Your picture should look like a big triangle with a line segment drawn inside it. The line spilts the big triangle into a little triangle and a trapezoid.
The little triangle has 2/3 the area of the big triangle (since you’re told the trapezoid takes up the other 1/3 the area). It’s also similar to the big triangle, meaning it’s the same triangle except its dimensions are scaled down.
The area of a triangle is A = 1/2 * base * height.
In order to shrink the triangle while keeping it proportionate to the original, you shrink both the base and height by the same factor. If we want to reduce the total area to 2/3 the original, we multiply both the base and the height by the square root of 2/3.
Thus, the base of the small triangle is 18 cm * sqrt(2/3) = 14.6969
Does this solution make sense to you? If part is unclear I can explain it more thoroughly.
I do not understand the Square root part. If I do not use the square root I get a nice even number, 12, and if I do it is some weird decimal number. It seems like the answer is most likely a simple number.
The area of a triangle is 1/2 x base x height.
If you multiply both the base and height by k to produce a similarly shaped triangle, the new area is 1/2 x (k x base) x (k x height). Put it another way, 1/2 x base x height x k[sup]2[/sup]. That is, the new area is the original area multiplied by k[sup]2[/sup].
So if you want the new area to be 2/3 of the original area (i.e. you want k[sup]2[/sup] to be 2/3), k must be the square root of 2/3.
That’s the Math Student’s Fallacy 
Suppose the answer is 12. The area of the original triangle is
18h/2
where h is the height (we don’t know what it is). So the area of the whole triangle is 9h.
If we draw a line parallel to the base of length 12, that is 2/3 of 18. Therefore the height of the triangle that has base 12 is (2/3)h (we know this because they are similar triangles, mentioned above). So the area of the smaller triangle is
12(2/3)h/2
or 4h. Now, we know that, by the problem statement, the trapezoid is 1/3 of the large triangle, therefore the small triangle is 2/3 the area of the larger one. But 4h is not 2/3 of 9h. So the answer can’t be 12.
(By the way, this is plane geometry, not trig.)
You want the area of the small triangle to be 2/3 the area of the large triangle.
You also know they have to be similar. (You can see this by using the various theorems of geometry to recognize that the angles of the small triangle are the same as the angles of the large triangle.) Basically, similar means proportionate. If we’re shrinking down the large triangle to get the small triangle, we have to shrink all of its dimensions by the same factor.
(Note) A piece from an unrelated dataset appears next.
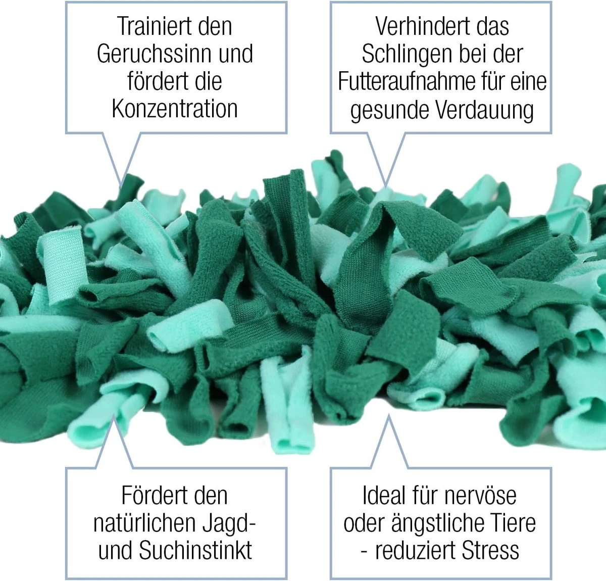 - Langdurig plezier: dit snuffeltapijt bootst het zoeken naar voedsel op gras en velden na. Verberg de lekkernijen of het kleine hondenspeelgoed in het snuffeltapijt. Kalmeert uitgedraaide honden, langdurig plezier van het snuffelen.

If we multiply the base of the large triangle by X, and we multiply the height by X, then we’ve multiplied the area by X[sup]2[/sup]. (This follows from Area = 1/2 * base*height)
So, to get the right change in area from the large triangle to the small one, we need X[sup]2[/sup] = 2/3
Unfortunately in math not everything works out to nice round numbers. If I told you the solution to X[sup]2[/sup] = 2 was X = 1.41421356 would you say “No way, that’s some weird decimal instead of a nice round number!”? That’s just the way it is.
As others have said, you actually don’t need any trig for this problem, just ordinary high school geometry.